Ekonom Sumatra Utara (Sumut), Gunawan Benjamin menyatakan bahwa pergerakan harga komoditas energi tersebut secara langsung memicu aksi koreksi di pasar keuangan global maupun domestik. Berdasarkan pemantauan terkini di Medan pada Senin (18/5), minyak mentah dunia untuk jenis West Texas Intermediate (WTI) saat ini diperdagangkan pada kisaran harga 108 dolar AS per barel, sementara untuk minyak mentah jenis Brent bergerak di kisaran level 111 dolar AS per barel.
Berita Ekonomi: Harga Minyak Mentah Dunia Bertahan di Atas 100 Dolar Per Barel Picu Pelemahan IHSG dan Rupiah
“Kenaikan harga minyak mentah tersebut kembali memicu kekuatiran akan potensi inflasi tinggi, dan sejauh ini memicu koreksi pada pasar keuangan,” jelas Gunawan Benjamin.
Dampak dari kenaikan harga komoditas energi tersebut langsung menekan mayoritas bursa saham yang terpantau bergerak di zona merah pada sesi perdagangan pagi. Kondisi serupa melanda Indeks Harga Saham Gabungan (IHSG) yang langsung dibuka merosot ke posisi 6.628 pada pembukaan perdagangan hari ini. Fluktuasi negatif ini bahkan terus membawa IHSG bergerak turun mendekati level psikologisnya di posisi 6.500. Sejalan dengan kemerosotan pasar saham, nilai tukar mata uang Rupiah juga menunjukkan pelemahan dan ditransaksikan pada level 17.655 per Dolar AS.
“Mayoritas bursa saham di sesi perdagangan pagi ini melemah. IHSG pada sesi pembukaan perdagangan hari ini juga dibuka melemah ke level 6.628. Bahkan sejauh ini IHSG melemah mendekati level psikologis 6.500. Disisi lainnya, kinerja mata uang Rupiah ditransaksikan melemah ke level 17.655 per US Dolar. Pasar keuangan domestik masih terus diselimuti sentimen negatif,” paparnya.
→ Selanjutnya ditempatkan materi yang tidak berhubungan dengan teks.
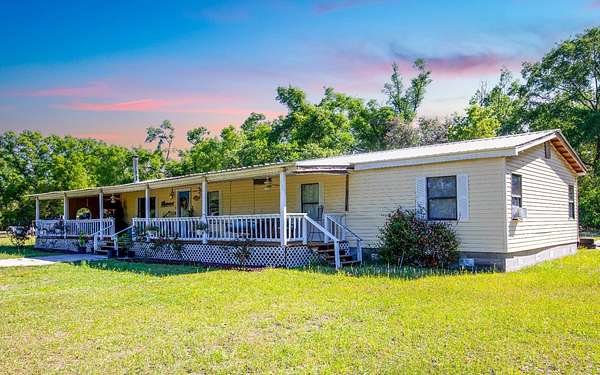 Welcome to your slice of country living in Live Oak, Florida, this well-maintained 4 bed/2 bath doublewide offers 2,052 SF of living space on 29 beautiful acres. Sit back and enjoy quiet mornings or evening sunsets from the nearly full-length front porch overlooking your expansive acreage. Approximately 24 acres are already fenced and cross-fenced into multiple sections, making it ideal for livestock, horses, or anyone needing space and separation for animals, while the remaining acreage offers additional room to expand or customize. Inside, the home features a spacious layout with four bedrooms, including two additional rooms that can easily be used as bedrooms, an office, or flex space depending on your needs. Updates include new flooring installed in 2020, a remodeled master bathroom, a tankless water heater, and a metal roof that is only one year old. The living area is warm and inviting with a wood-burning fireplace designed with a protective exterior, offering both charm and safety. Outside, you’ll also find a second well and power source already in place, perfect for future expansion, an additional homesite, or agricultural use. A barn structure with approximately 12 stalls is located on the property and offers great potential with some repairs, adding even more value for those looking to create a working farm or equestrian setup. If you've been looking for acreage, a home, and room to grow, this one is ready for you!
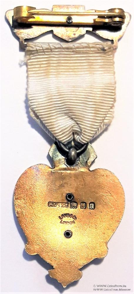 Цвет ленты белый. Колодка бело-зелёной (цвет флага Уэльса) эмали с надписью STEWARD, датой 1922 и булавкой для ношения с обратной стороны. в центре колодки малый герб, в виде щита с изображением красного дракона – символ Уэльса. Уэльс - Страна, одна из четырёх главных административно-политических частей Соединённого Королевства Великобритании и Северной Ирландии.
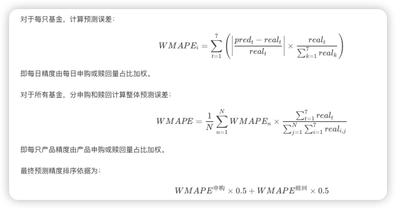 评价指标:WMAPE(Weighted Mean Absolute Percentage Error,加权平均绝对百分比误差)。
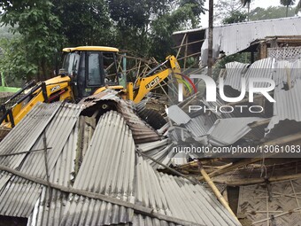 An excavator demolishes a structure during the eviction drive at Rupahi Bhakat Gaon in Nagaon District, Assam, India, on December 5, 2025.
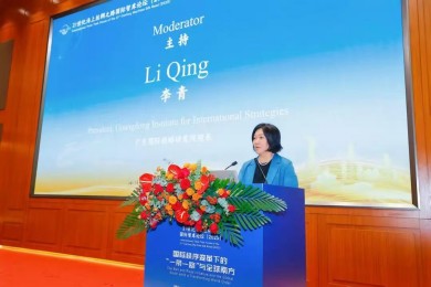 广东国际战略研究院院长李青主持论坛主题发言环节。

Situasi pasar kian diperparah oleh eskalasi ketegangan geopolitik di kawasan Timur Tengah yang menunjukkan kecenderungan terus meningkat. Hubungan internasional kembali memanas seiring langkah Amerika Serikat yang belakangan ini kembali melontarkan ancaman terhadap Iran, sementara pihak Iran sendiri tetap mempertahankan posisi yang berseberangan dengan AS. Realitas di lapangan saat ini justru bertolak belakang dengan upaya negosiasi damai yang sempat digaungkan sebelumnya.
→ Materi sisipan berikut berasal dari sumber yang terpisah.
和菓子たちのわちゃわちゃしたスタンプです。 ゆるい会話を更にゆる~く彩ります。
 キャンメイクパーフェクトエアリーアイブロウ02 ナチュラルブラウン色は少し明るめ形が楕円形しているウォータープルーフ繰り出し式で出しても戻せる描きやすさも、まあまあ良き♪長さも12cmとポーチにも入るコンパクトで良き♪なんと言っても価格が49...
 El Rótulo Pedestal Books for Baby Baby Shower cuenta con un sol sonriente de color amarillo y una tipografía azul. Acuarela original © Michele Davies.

“Tensi geopolitik di timur tengah eskalasinya justru cenderung alami kenaikan. AS belakangan ini kembali menebar ancaman ke Iran, dan Iran sendiri juga masih berada di posisi yang berseberangan dengan AS. Negosiasi damai yang digaungkan sebelumnya justru bertolak belakang dengan realita yang ada di lapangan. Bahkan di akhir pekan kemarin serangan terhadap fasilitas energi di timur tengah tak luput dari serangan,” tuturnya.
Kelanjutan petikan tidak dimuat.